» What to do
Look through the data below and output, unchanged, every line from the one holding "La geometría del" through the one holding "Wooden Surfer's bead", inclusive. Skip the pictures.

» Recorded data
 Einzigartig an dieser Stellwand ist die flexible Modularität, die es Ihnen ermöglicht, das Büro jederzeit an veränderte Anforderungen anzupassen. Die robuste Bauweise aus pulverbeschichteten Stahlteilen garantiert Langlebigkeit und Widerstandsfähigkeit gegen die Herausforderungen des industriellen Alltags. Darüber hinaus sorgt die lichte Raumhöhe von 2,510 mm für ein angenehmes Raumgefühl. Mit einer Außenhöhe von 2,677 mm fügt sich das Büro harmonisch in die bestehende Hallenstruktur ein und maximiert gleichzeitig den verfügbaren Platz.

---

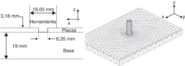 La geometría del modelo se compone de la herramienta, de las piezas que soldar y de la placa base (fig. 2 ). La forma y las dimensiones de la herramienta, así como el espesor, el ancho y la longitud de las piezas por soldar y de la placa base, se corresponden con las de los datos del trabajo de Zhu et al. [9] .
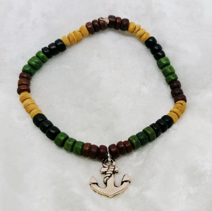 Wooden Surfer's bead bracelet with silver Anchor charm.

» Result
 La geometría del modelo se compone de la herramienta, de las piezas que soldar y de la placa base (fig. 2 ). La forma y las dimensiones de la herramienta, así como el espesor, el ancho y la longitud de las piezas por soldar y de la placa base, se corresponden con las de los datos del trabajo de Zhu et al. [9] .
 Wooden Surfer's bead bracelet with silver Anchor charm.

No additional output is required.